ASSIGNED TASK:
All the entries need to be quoted exactly, apart from the pictures, which you should drop.

┌─ RECORDS FOR THE EXERCISE

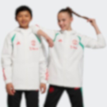 Denne Manchester United fotballjakken til barn fra adidas er en del av treningsserien spillerne bruker før kamp. Dette produktet er laget med resirkulert materiale.
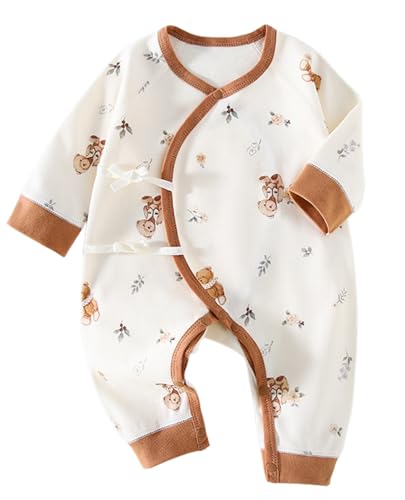 Hapipanaの新生児服は、可愛いベア柄のニットロンパース。肌着としても使用可能で、綿100%の素材。長袖で前開きデザイン、男女兼用。赤ちゃんを暖かく可愛く包みます。
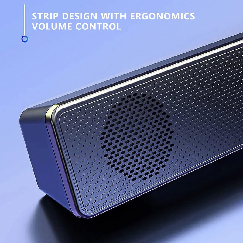 - UNIQUE APPEARANCE DESIGN The stripe design with ergonomics not only saves space, but also can deliver 3D sound to the greater extent. You can adjust the volume button on the top of the computer speaker to the appropriate position as needed.
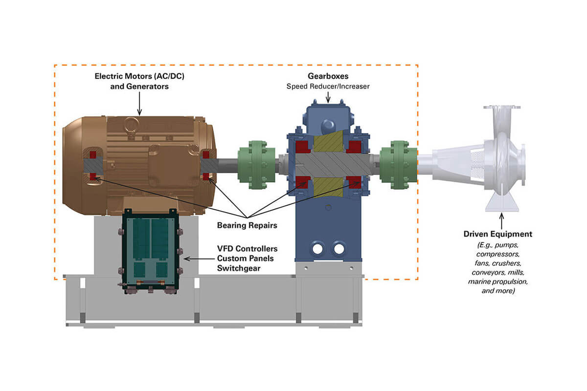 - Preventative maintenance and diagnostic services for gearboxes, electric motors, generators, and bearings
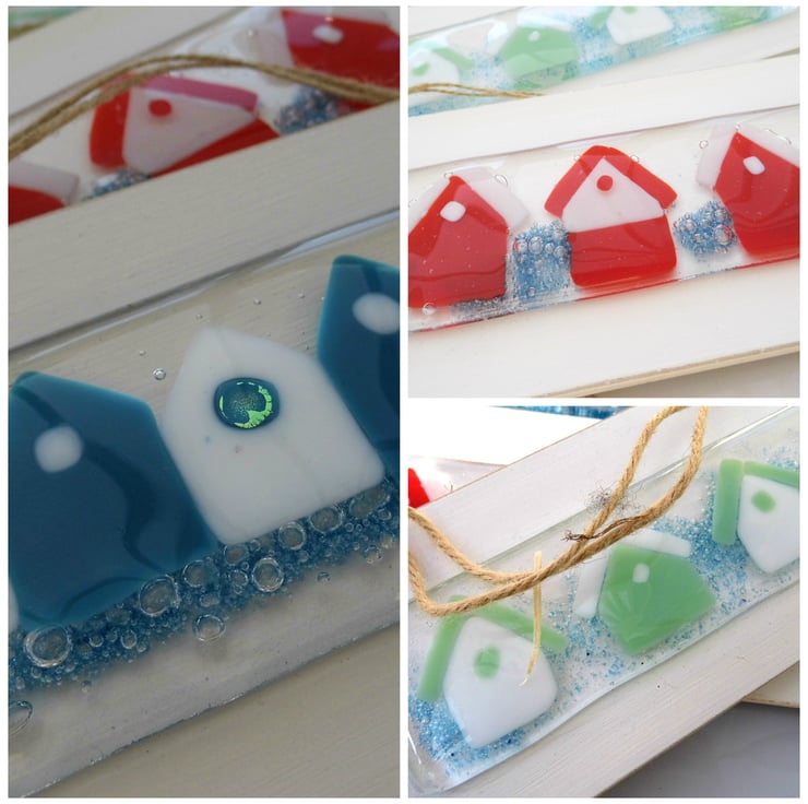 These scrummy little beach huts are made from fused glass and are sat in a sea of scrumptious bubbles

└─

EXPECTED ANSWER:
 Denne Manchester United fotballjakken til barn fra adidas er en del av treningsserien spillerne bruker før kamp. Dette produktet er laget med resirkulert materiale.
 Hapipanaの新生児服は、可愛いベア柄のニットロンパース。肌着としても使用可能で、綿100%の素材。長袖で前開きデザイン、男女兼用。赤ちゃんを暖かく可愛く包みます。
 - UNIQUE APPEARANCE DESIGN The stripe design with ergonomics not only saves space, but also can deliver 3D sound to the greater extent. You can adjust the volume button on the top of the computer speaker to the appropriate position as needed.
 - Preventative maintenance and diagnostic services for gearboxes, electric motors, generators, and bearings
 These scrummy little beach huts are made from fused glass and are sat in a sea of scrumptious bubbles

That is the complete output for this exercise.